= WORK REQUEST =
With the pictures left out, please write out exactly each line from the one containing "Честно говоря, непонятно, почему" through the end of the material.

= DATA SHOWN =
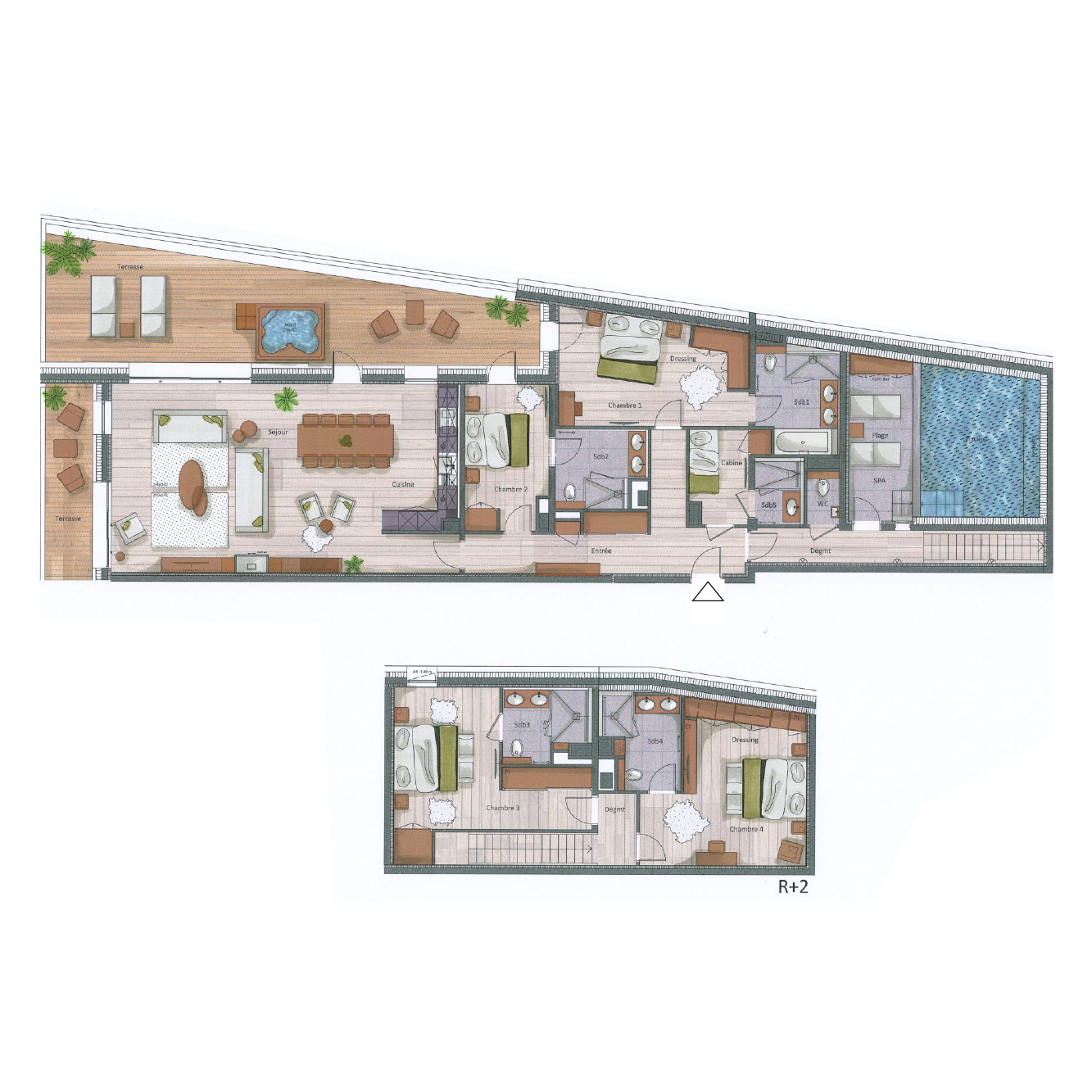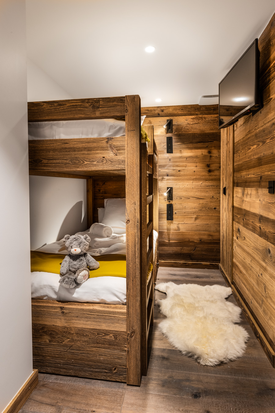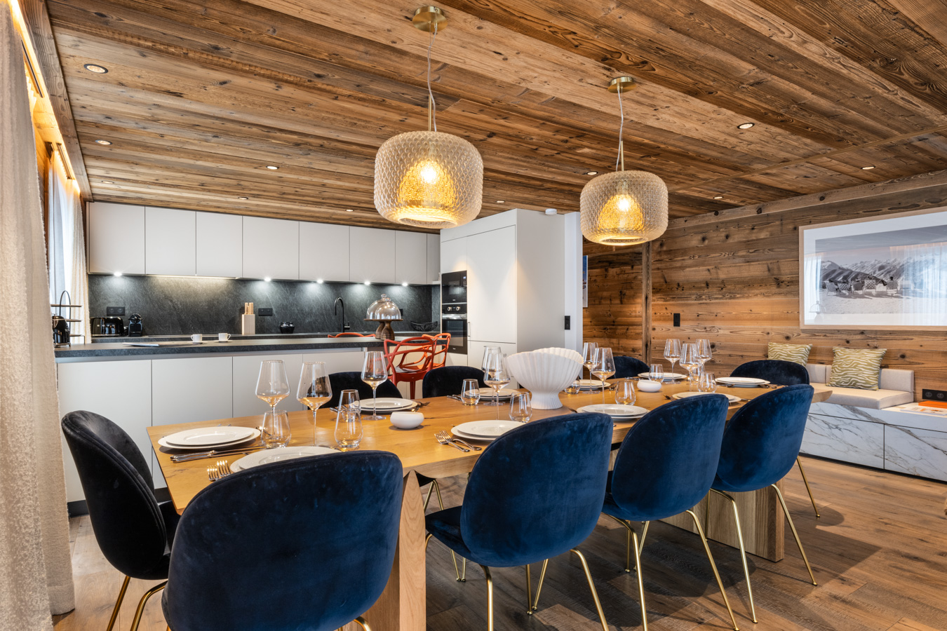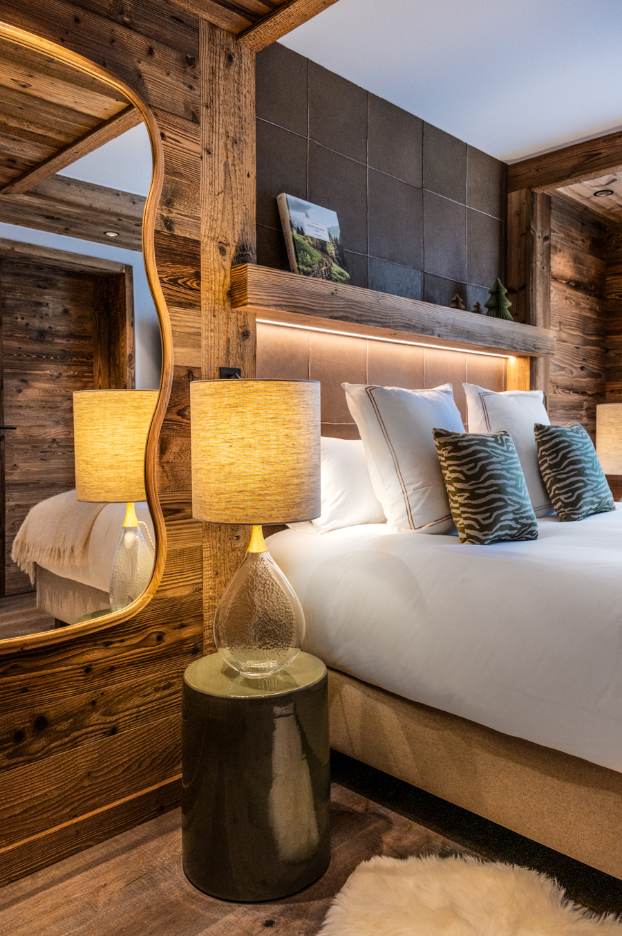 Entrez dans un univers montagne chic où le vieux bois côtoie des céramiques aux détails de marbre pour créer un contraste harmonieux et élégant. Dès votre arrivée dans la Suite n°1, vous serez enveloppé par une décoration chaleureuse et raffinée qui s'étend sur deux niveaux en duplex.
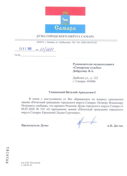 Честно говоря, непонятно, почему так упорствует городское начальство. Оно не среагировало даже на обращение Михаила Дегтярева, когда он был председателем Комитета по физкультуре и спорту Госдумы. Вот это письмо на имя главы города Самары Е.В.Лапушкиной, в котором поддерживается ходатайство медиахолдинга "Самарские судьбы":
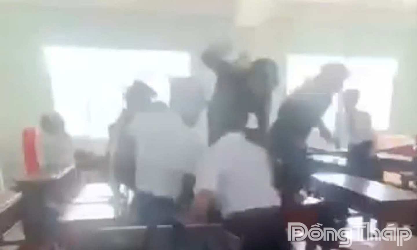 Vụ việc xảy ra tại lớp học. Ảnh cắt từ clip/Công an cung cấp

= TASK SOLUTION =
 Честно говоря, непонятно, почему так упорствует городское начальство. Оно не среагировало даже на обращение Михаила Дегтярева, когда он был председателем Комитета по физкультуре и спорту Госдумы. Вот это письмо на имя главы города Самары Е.В.Лапушкиной, в котором поддерживается ходатайство медиахолдинга "Самарские судьбы":
 Vụ việc xảy ra tại lớp học. Ảnh cắt từ clip/Công an cung cấp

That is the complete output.